▶ _WORK TO COMPLETE_
Every line below from the one containing "Essbare Papierdekorationen Blaue" through the one containing "4、輸入手機號、短信驗證碼、登錄密碼、確認登錄密碼,勾選同意后,點擊注冊。" is to be printed exactly, with the pictures omitted.

▶ _EXCERPTED DATA_

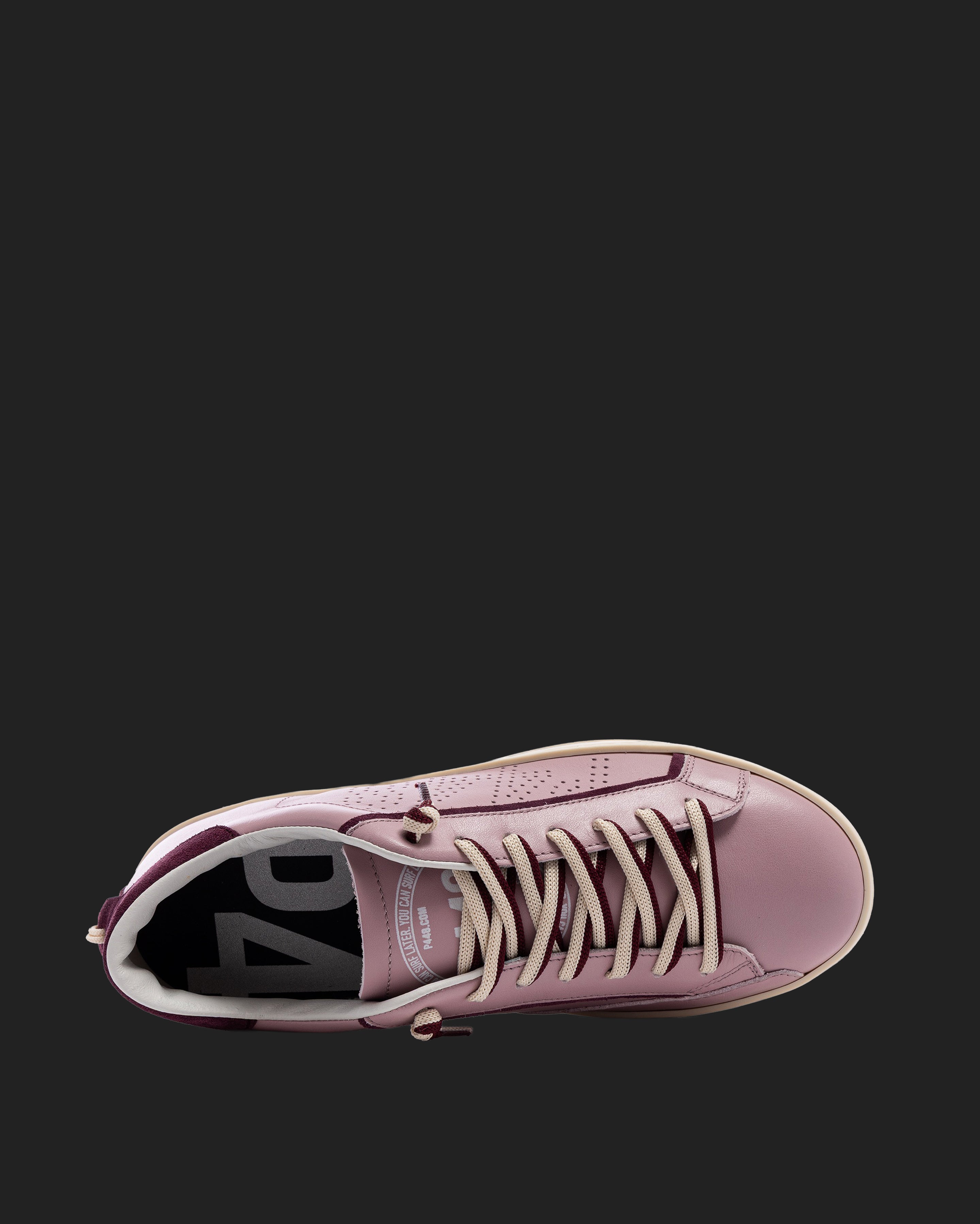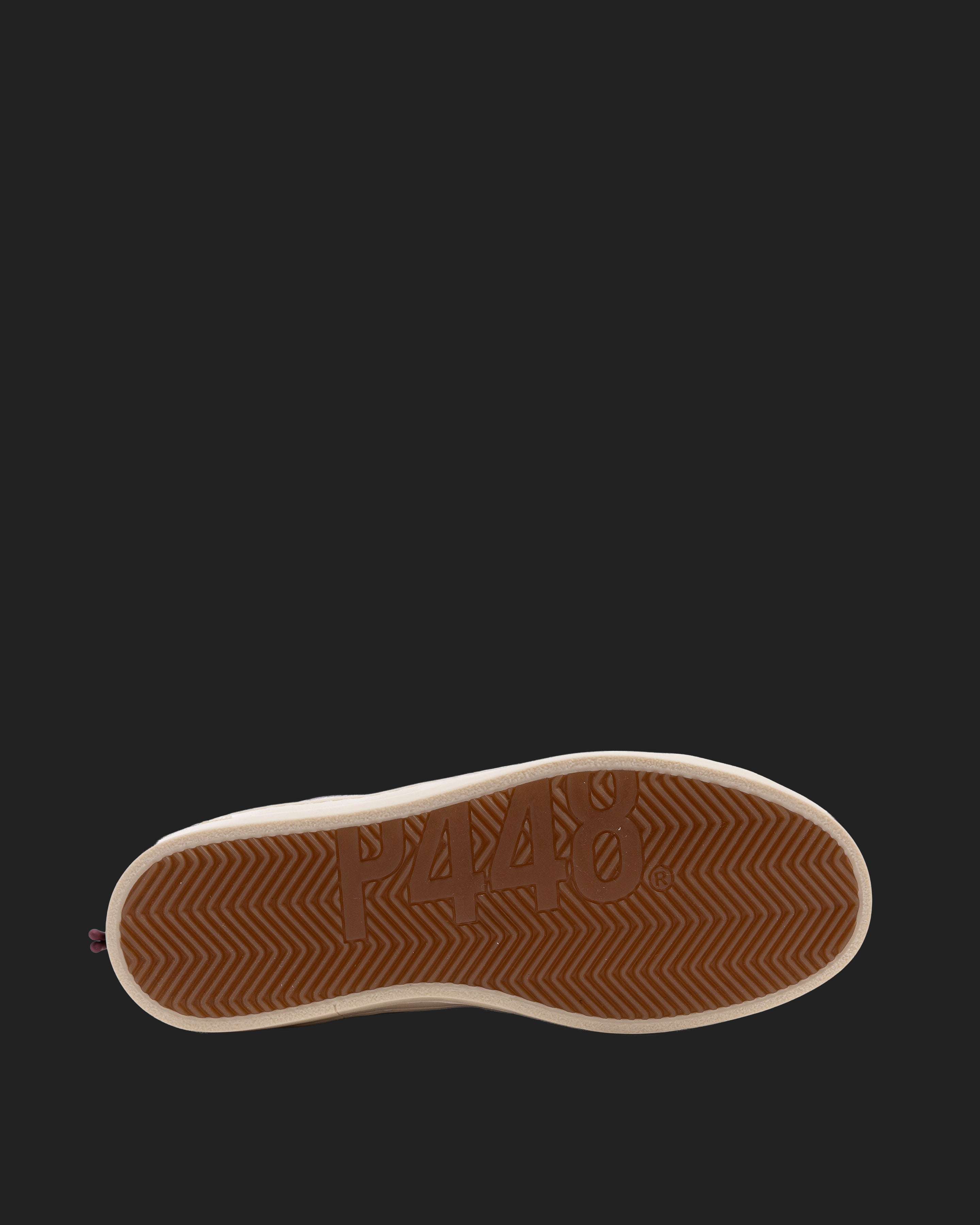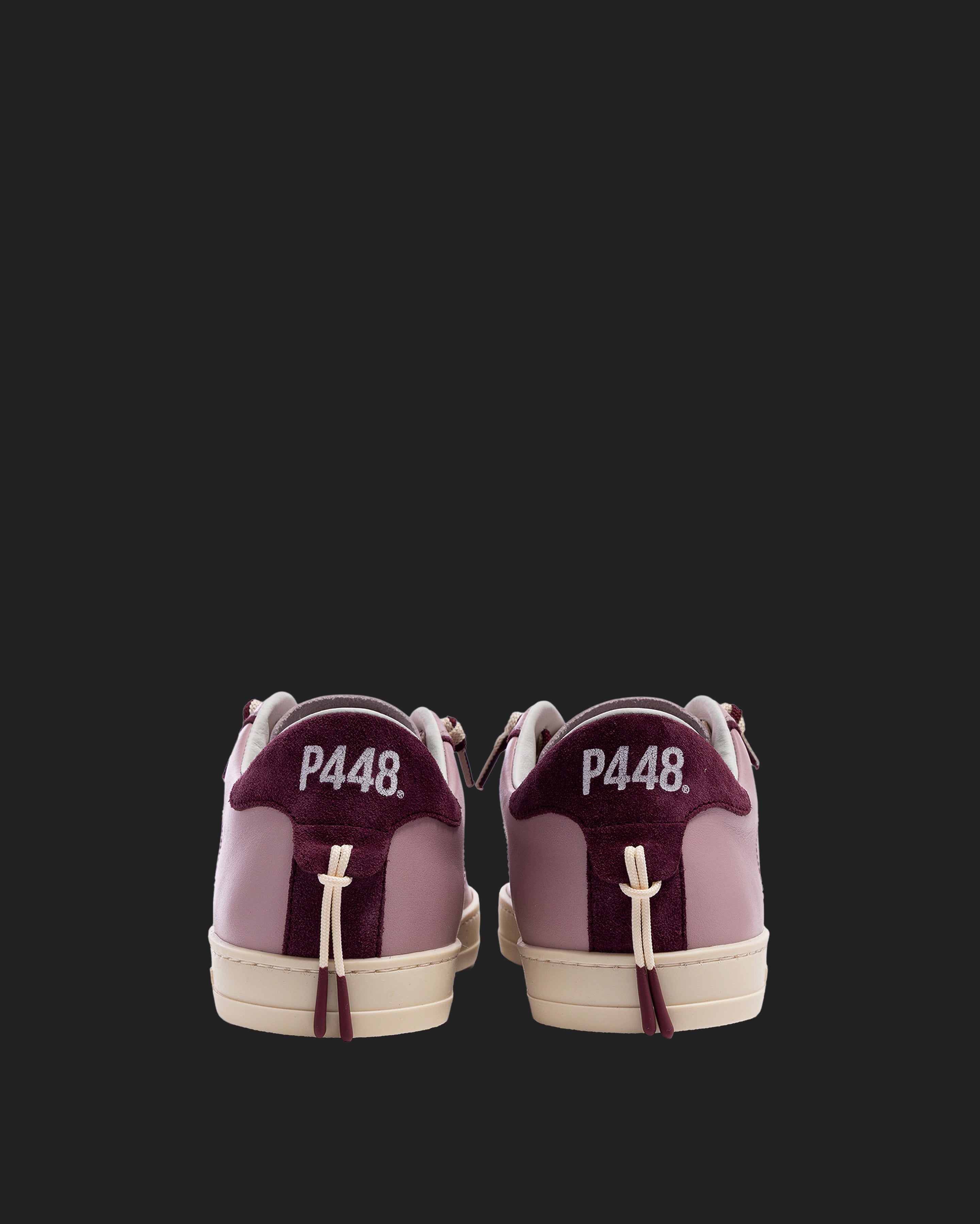 The John Pink Sky is wrapped in pink leather and red suede, complemented by matching burgundy laces with a cream lace charm. Our signature P448 rubber sole and cream tread finish off the look. Swap in the extra pair of cream laces to keep it simple.
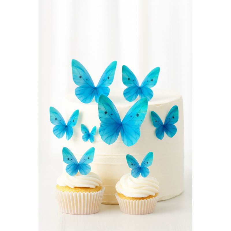 Essbare Papierdekorationen Blaue Schmetterlinge (8 Stück)
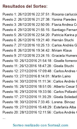 - Puesto 3: 28/12/2016 22:50:05 Flavia Andrea Córdoba
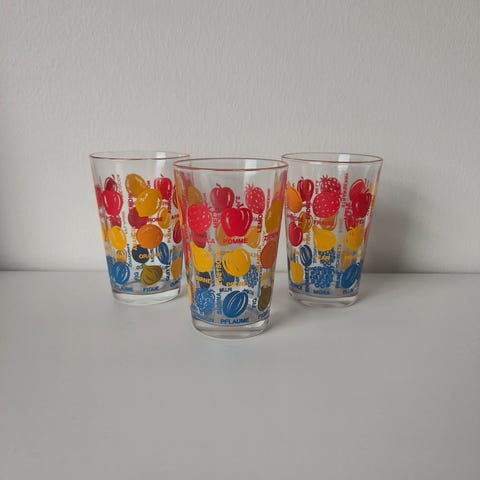 Vintage juomalasit 2 kpl mansikkakuvioinnilla. Lasin halkaisija on 6,5 cm, korkeus 12 cm. Lasit ovat siistissä kunnossa, vain pieniä käytön jälkiä.
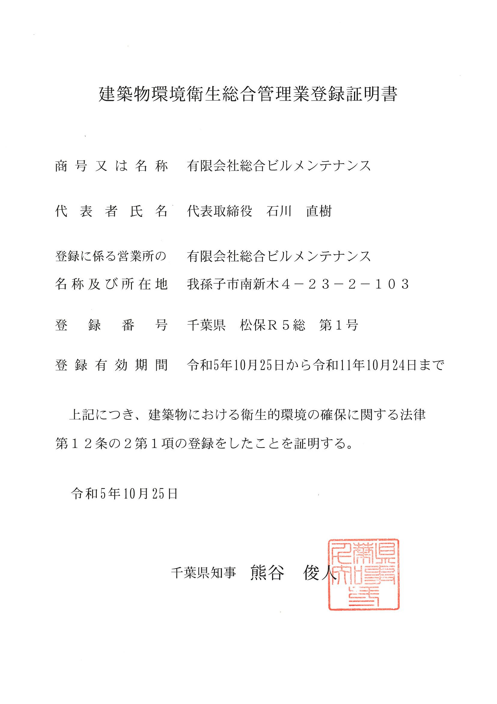 千葉・全国ビルメンテナンス協会会員 有限会社総合ビルメンテナンス
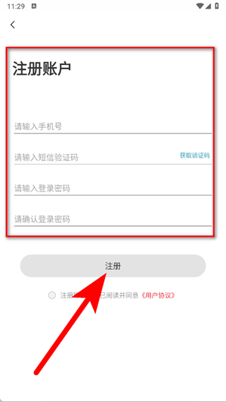 4、輸入手機號、短信驗證碼、登錄密碼、確認登錄密碼,勾選同意后,點擊注冊。
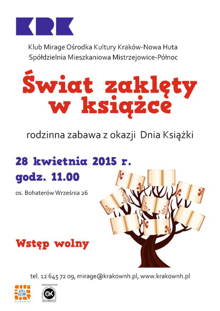 Z okazji Dnia Ksišżki Klub Mirage Oœrodka Kultury Kraków-Nowa Huta (os. Bohaterów Wrzeœnia 26) zaprasza dzieci od 2 do 5 roku życia wraz z rodzicami i dziadkami na szczególne spotkanie z ksišżkš. Na wszystkich, którzy w dniu 28 kwietnia przybędš na godz. 11.00 do Klubu czekać będš liczne atrakcje: bajkowe zagadki i quizy, historyjki obrazkowe, wykonywanie zakładek do ksišżek oraz tańce przy muzyce ze znanych i lubianych bajeczek. Przypomnimy sobie najsłynniejsze historie o Czerwonym Kapturku, Królewnie Œnieżce i Krasnoludkach, Jasiu i Małgosi, Calineczce oraz Pinokio. W tym dniu chcemy zachęcać dzieci do oglšdania bajek i czytania ksišżek, by mogły przeżywać cudowne chwile ze swoimi ulubionymi bohaterami w magicznym œwiecie bajek i fantazji. Osoby zainteresowane udziałem prosimy o zgłoszenie udziału przed imprezš.
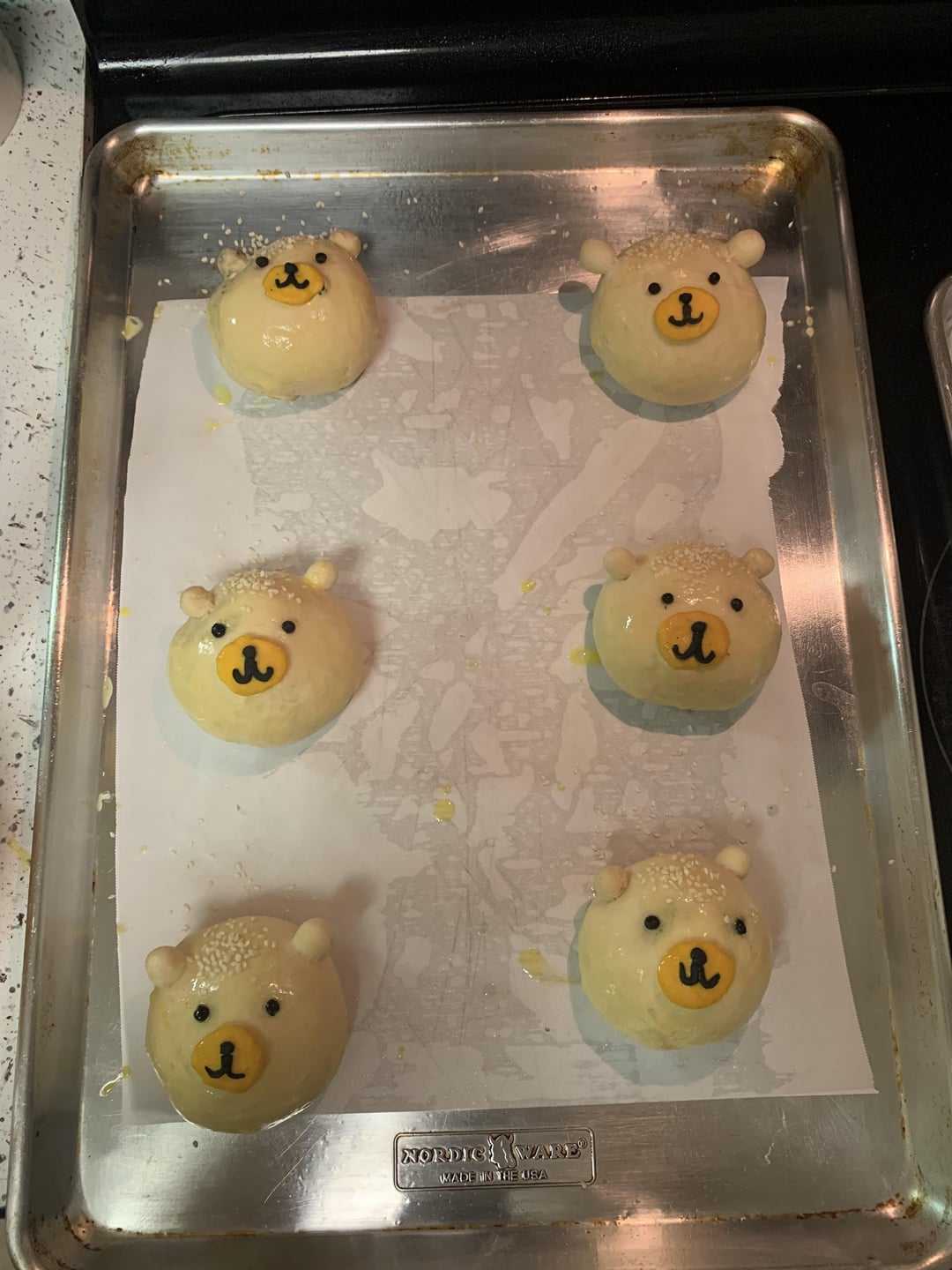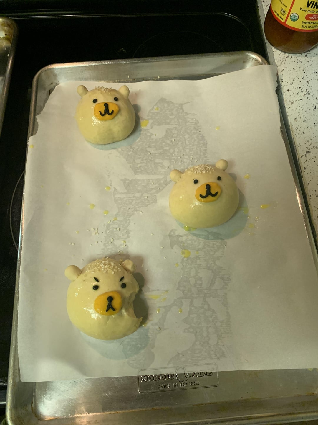 I am making sloppy joe and steak fries, and planned to make hamburger buns, but i wanted them so be cute, so i got some inspiration from other bear buns i saw on tiktok.
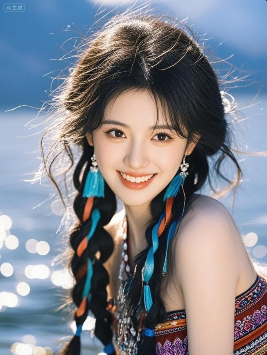拉祜族小姑娘抱着野花跑向湖心小桥:“帮我拍背影!”
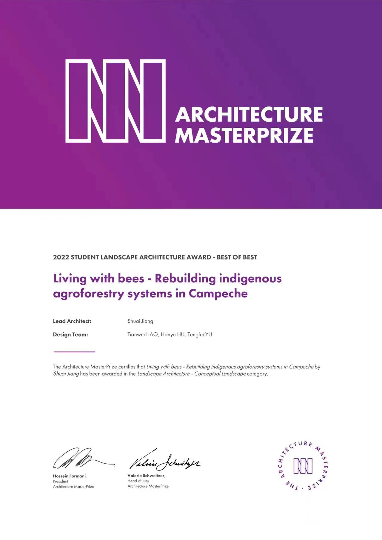 美国建筑大师奖(Architecture Master Prize)由Farmani集团创立于2016年,其前身为AAP美国建筑奖,是最具权威的世界级建筑奖项之一,为全球建筑和设计行业树立新的标杆。AMP奖项计划嘉奖世界范围内的建筑、室内及景观设计的三个方向的最佳卓越设计和创新之作,展示和宣传全球范围最具创造力与创新性的杰出人才,彰显建筑艺术科学在丰富人类生活当中具有的重要意义和价值。据参赛网络资料显示,此次参加的专业组团队包含土人、戴森、扎哈、安藤忠雄等知名事务所,学生组包含港大、哈佛、普林斯顿、央美、国美等学校,竞争激烈。
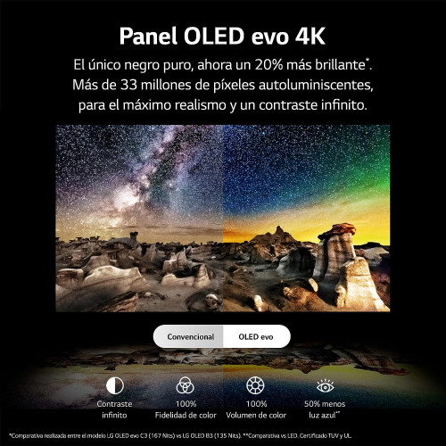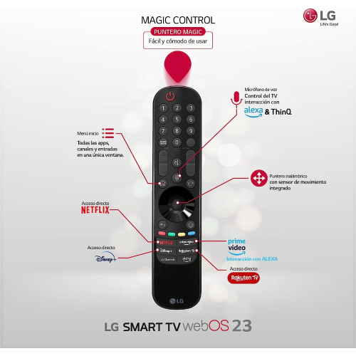 • Ecosistema abierto e inteligente: Smart TV webOS23, compatible con Apple Home Kit/Airplay/Google/Alexa/ThinQ, y control por voz sin mando.
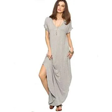 Show moreIntroducing the Verdusa Women's V Neck Side Pockets Split Hem Beach Long Maxi Dress, a stunning piece crafted for comfort and style, perfect for any warm-weather occasion! Made from a premium blend of soft, stretchy jersey knit fabric, this dress provides a loose fit that effortlessly flatters your figure. The elegant V-neckline and short sleeves enhance the overall aesthetic, while the practical side split pockets add functionality to your chic ensemble. With its versatile design, you can easily style this dress for a beach day, casual outing, or even for lounging at home.
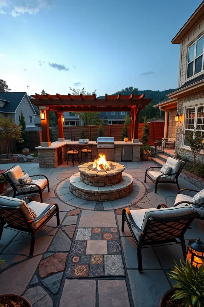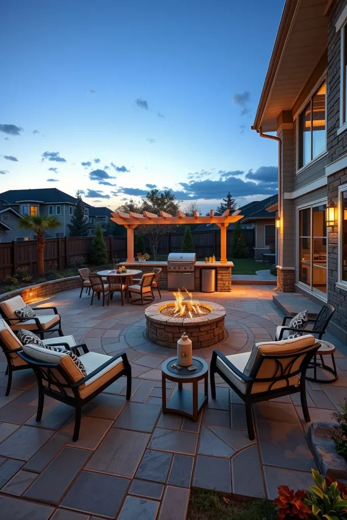 What I always add to this concept is proper circulation planning. Guests should be able to move comfortably between the grill, dining area, and fire pit without crossing through high-heat zones. Careful spacing transforms a visually appealing idea into a practical and safe one.
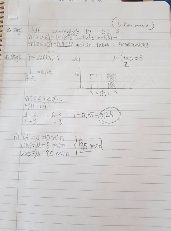 Albiki skrev:Föreläsaren har en poäng, men vad skulle förklaringen i detta fall vara? Att det blir enklare att beräkna om slumpvariablerna är oberoende? Då kan man lika gärna anta att slumpvariablerna har samma fördelning, exempelvis N(10,3), för att göra det riktigt enkelt för sig. Det skulle särskilt underlätta vid lösning av Uppgift c ...
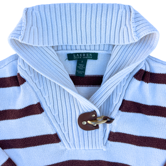Pull Ralph Lauren blanc rayé marron col chale pour femmes - Taille S
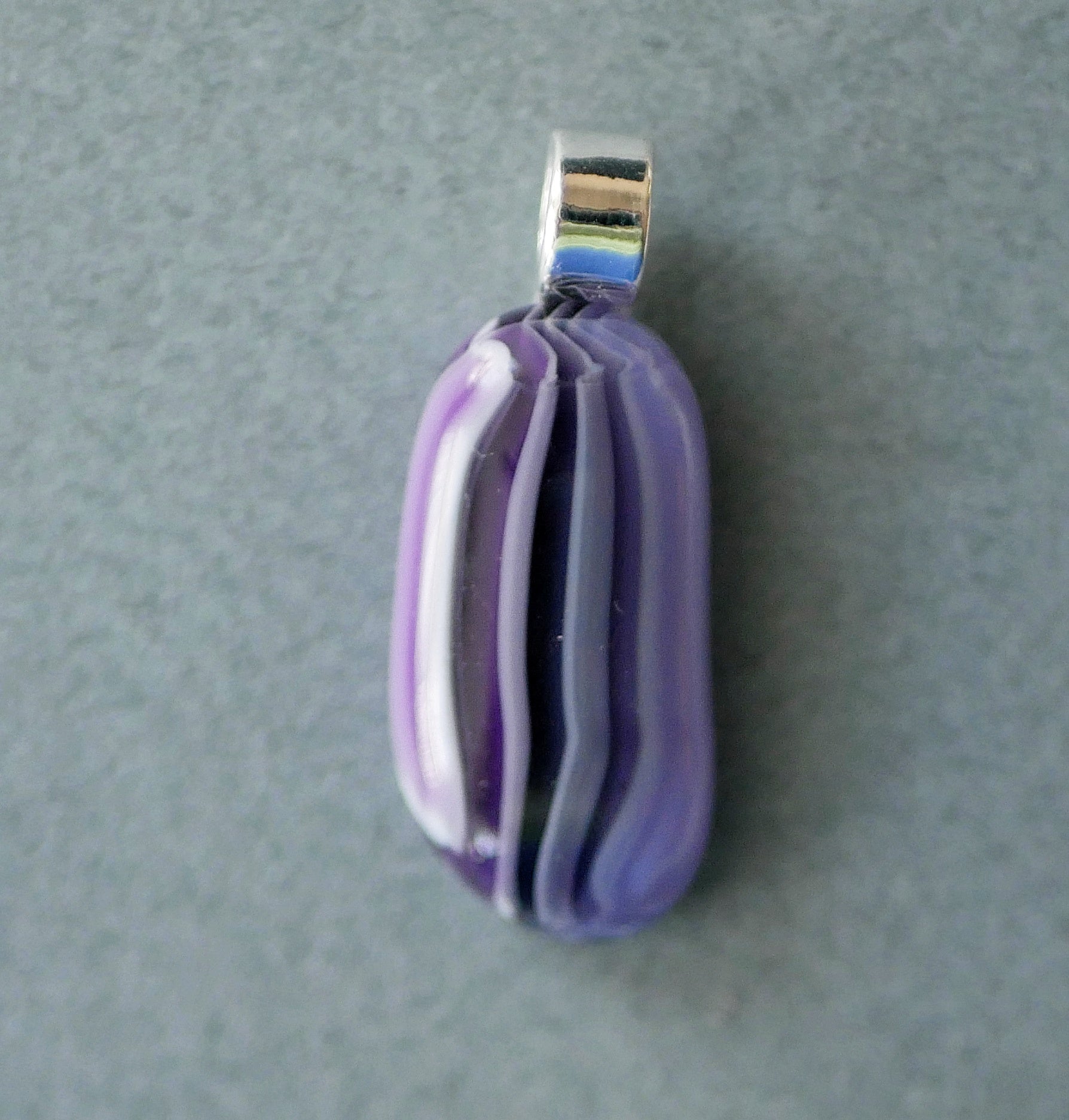 Handmade in my kiln by me! A pendant made from murrine scrap, creating a stripey pattern. These look a bit like sea cucumbers to me.

▶ _ANSWER TO THIS PROBLEM_
 Essbare Papierdekorationen Blaue Schmetterlinge (8 Stück)
 - Puesto 3: 28/12/2016 22:50:05 Flavia Andrea Córdoba
 Vintage juomalasit 2 kpl mansikkakuvioinnilla. Lasin halkaisija on 6,5 cm, korkeus 12 cm. Lasit ovat siistissä kunnossa, vain pieniä käytön jälkiä.
 千葉・全国ビルメンテナンス協会会員 有限会社総合ビルメンテナンス
 4、輸入手機號、短信驗證碼、登錄密碼、確認登錄密碼,勾選同意后,點擊注冊。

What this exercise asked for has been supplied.